--- START ---
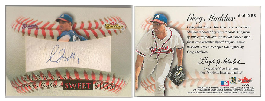 1992 NL - Greg Maddux - Atlanta Braves - 2000 Fleer Showcase Sweet Sigs #SS6
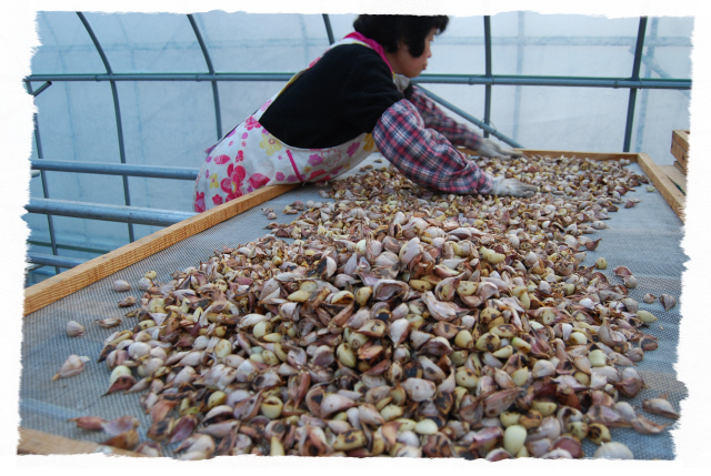 == 구운 황토 유황 밭마늘.==
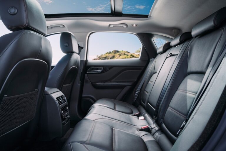 Dla Jaguara stworzenie wnętrza było łatwiejsze. Już znał przepis: luksusowe materiały, polerowane elementy metalowe oraz najlepsza skóra w ofercie. W tej kwestii uważnie słuchał ludzi z Land Rovera i brał pod uwagę ich doświadczenie. Niestety, doprowadziło to do wysokiego montażu siedzeń, co odbiegało od tego, czego szukał klient crossovera. Jednak to rozwiązanie rozwiązało problem z przestrzenią na nogi dla pasażerów z tyłu.
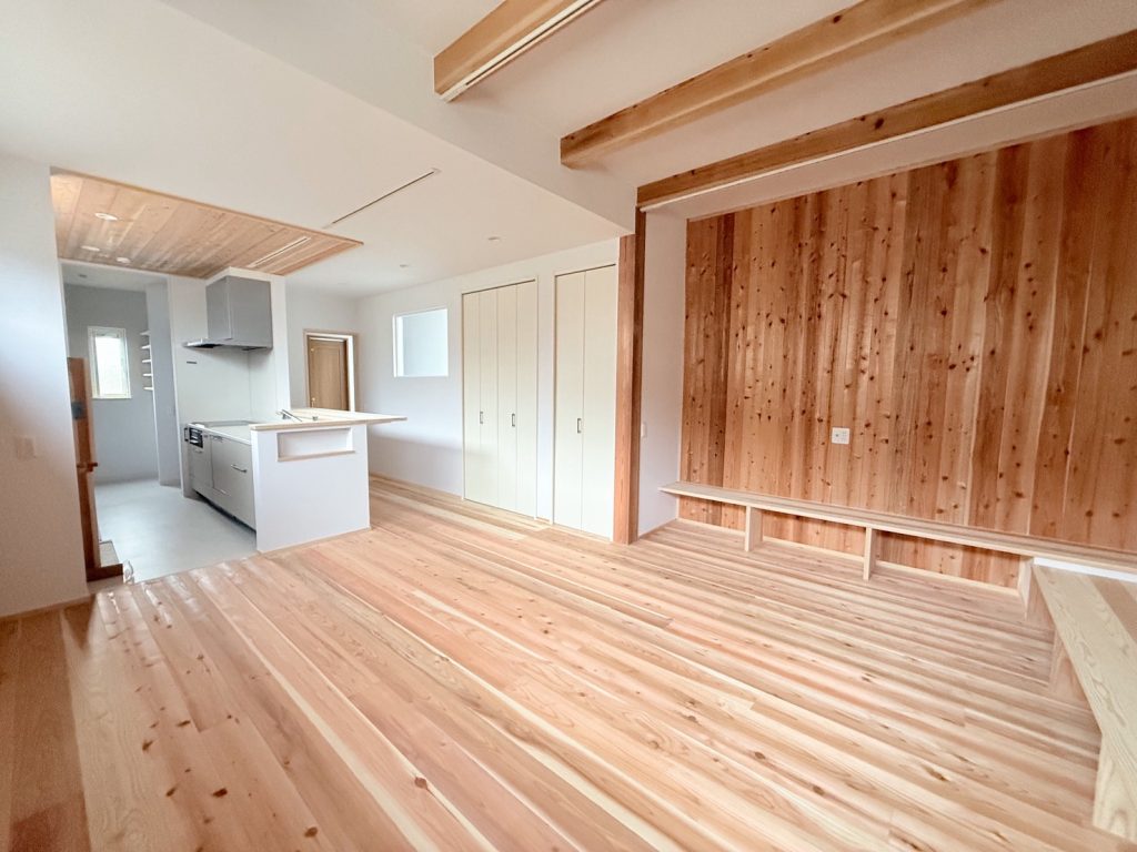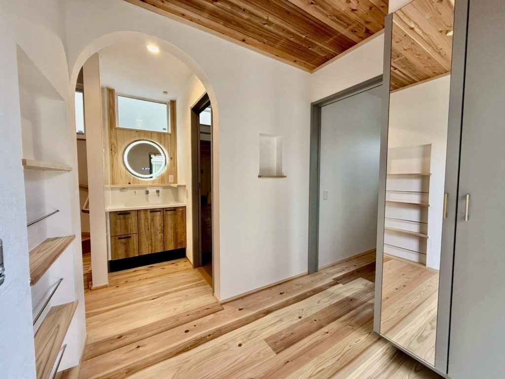 玄関から見える可愛らしいアーチ壁や、アクセントとして採り入れた室内の板貼りが、木の家ならではの温もりと心地よさを生み出します。
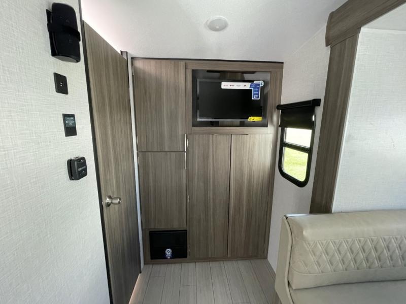 Enjoy thoughtful extras like a JBL Flip Bluetooth speaker, lighted power tongue jack, motion light in the bathroom, and WIFI prep for staying connected on the road. These features combine to make every trip more enjoyable and comfortable.
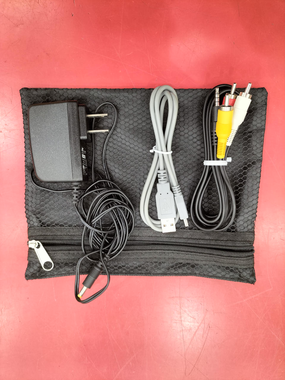 電源アダプタ、接続ケーブル、3色ケーブル、ケース、バッテリー(保証外)付き
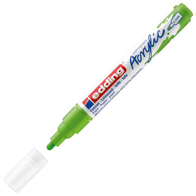 trajno, pigmentirano okrogel vrh širina tiska: 2-3 mm odporen je na: vodo, brisanje in svetlobo primerno za: platno, papir, karton in les šibak vonj se hitro suši (zato je primerna za levičarje)
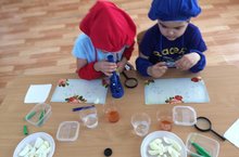 "Күзәнәк" төшенчәсе, аның микроскоп астында төре белән танышу максатыннан, өлкән төркем балалары өчен "Суган күзәнәкләрен өйрәнү" темасына экспериментлау элементлары белән табигать белән таныштыру буенча белем бирү эшчәнлеге үткәрелде.
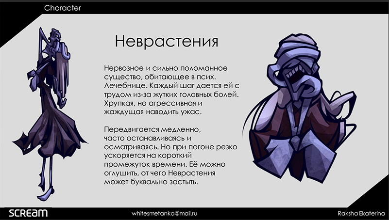 Персональный проект, исследующий мрачную и эмоционально напряжённую атмосферу через визуальный язык персонажей и окружения. Работа фокусируется на передаче внутреннего состояния героя и создании целостного мира, усиливающего драматургию проекта.
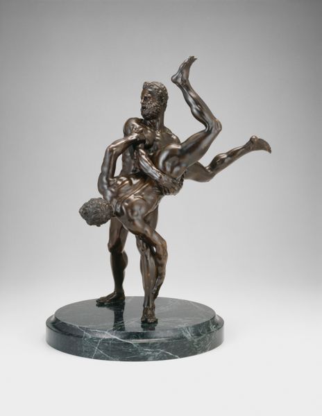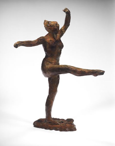 Curator: Here we have Edgar Degas’ sculpture, “Fourth Position Front, on the Left Leg,” created somewhere between 1885 and 1890. Editor: She looks a bit…precarious? All that weight balanced on one leg, those arms so high. It's like she's perpetually on the verge of tipping over, reaching for something just out of grasp. Curator: It's crucial to remember the historical context. Ballerinas were often perceived as working-class women, their bodies a commodity in the art world. Degas often depicted them with a realism that diverged from the romantic ideal. Editor: That makes sense. It’s not like a glamorous, polished monument, is it? There’s a rawness here, a vulnerability even in the pose's supposed strength. It almost feels voyeuristic. Curator: Some interpret this as Degas capturing a candid, backstage moment, demystifying the performance. The physicality, the sheer labor, is palpable. Think of how these dancers’ bodies were often subjected to intense scrutiny and control. Editor: Exactly. And it's not just about what she's doing, but what’s being *done* to her, you know? This constant pressure to achieve an impossible ideal… the objectification is screaming at you! Still, in that frozen position, is also the determination to be perfect for the show, and to find her artistic truth in this form. Curator: Yes. I agree that by foregrounding the dancer’s strenuous effort, and by making that so visible, the artwork subtly undermines the spectacle it represents. This can be seen as a critique of power structures, class, and gender during that era. Editor: I see it, totally! I’ll never see ballerinas in the same way again, thank you for all the background and insights! Curator: And for me, you unlocked a different side to this bronze: an act of human resistance within the ballet establishment.
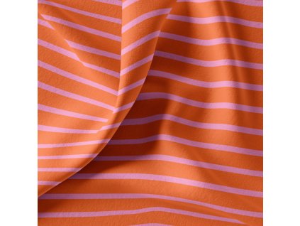 CANDY – proužkovaný bavlněný úplet v růžovo‑oranžové – hebký, pružný, dokonalý pro Váš šicí projekt! Zažijte radost z látky, která inspiruje: Představte si příjemný dotek...
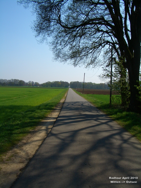Tag 3 Von Diepholz starteten wir trotz Achillessehnenprobleme meinerseits um 8:30 Uhr Richtung Barnstorf um über Heiligenloh in Twistringen die erste Zwangspause nach 43km einzulegen. Die Nähe zu Norddeutschland wurde langsam spürbar, der Gegenwind verlangsamte unsere Geschwindigkeit um gefühlte 30%. Die Tagesstrecke führte über endlos langgezogene Radwege mit interessantem Bewuchs und typischen Bauernhöfen mit angeschlossenen Reitställen.
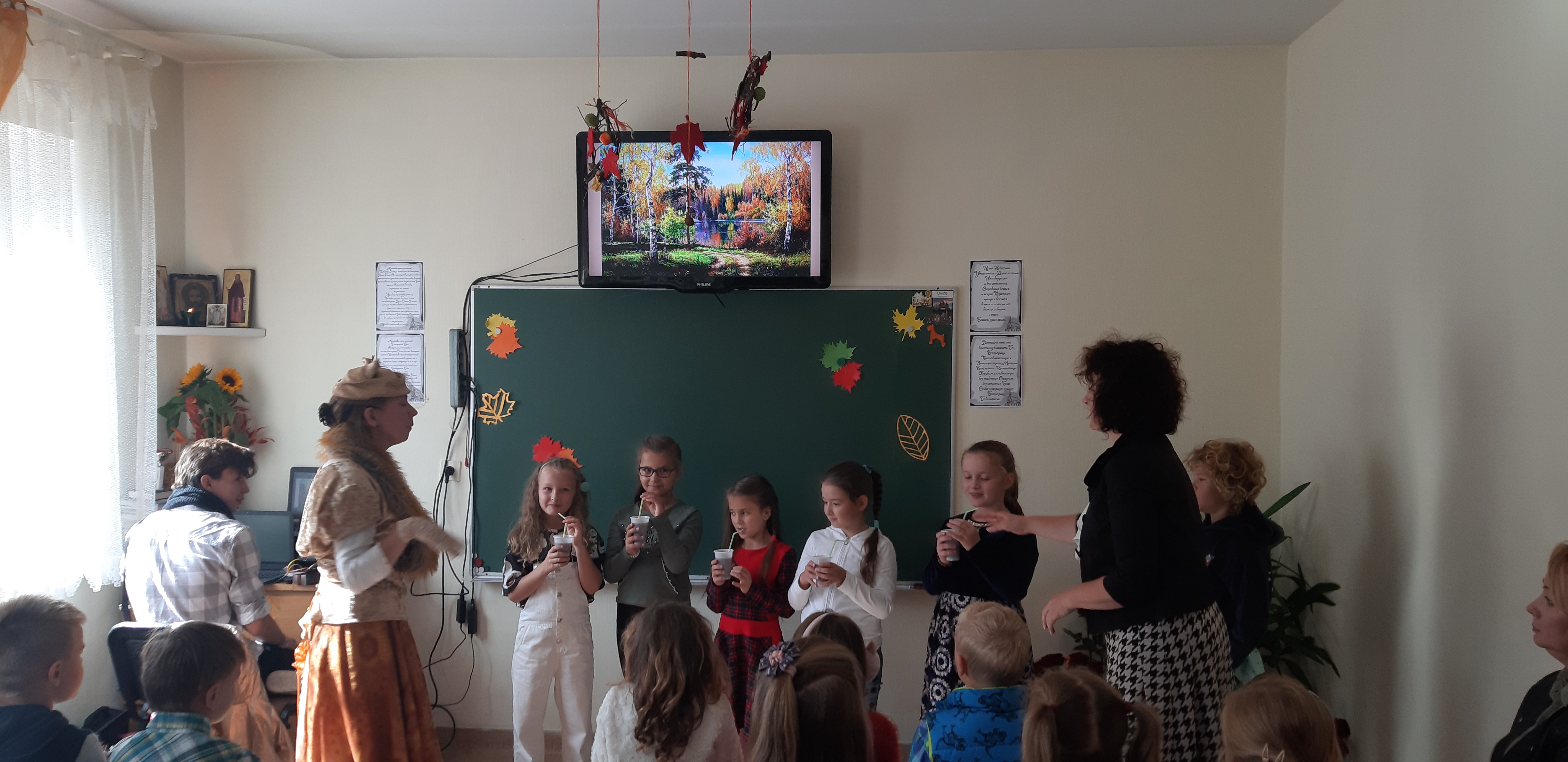 Далее праздник продолжился в стенах воскресной школы,где ребята читали стихи,вспомнили о летних денечках,прозвучали поздравления и пожелания от преподавателей!
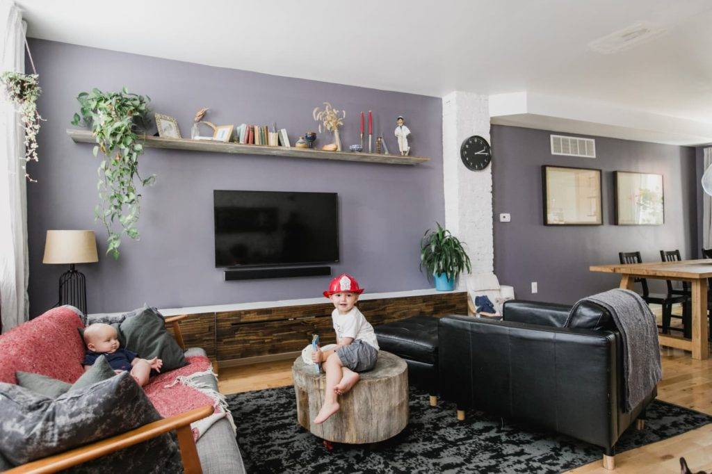- Черный и сиреневый в интерьере одной гостиной не используются из-за несовместимости цветов.
--- END ---
== Activity ==
In the records above, find the line that contains "Далее праздник продолжился" and repeat exactly that line and all lines after it to the end. Do not include pictures.

== Reply to the task ==
 Далее праздник продолжился в стенах воскресной школы,где ребята читали стихи,вспомнили о летних денечках,прозвучали поздравления и пожелания от преподавателей!
- Черный и сиреневый в интерьере одной гостиной не используются из-за несовместимости цветов.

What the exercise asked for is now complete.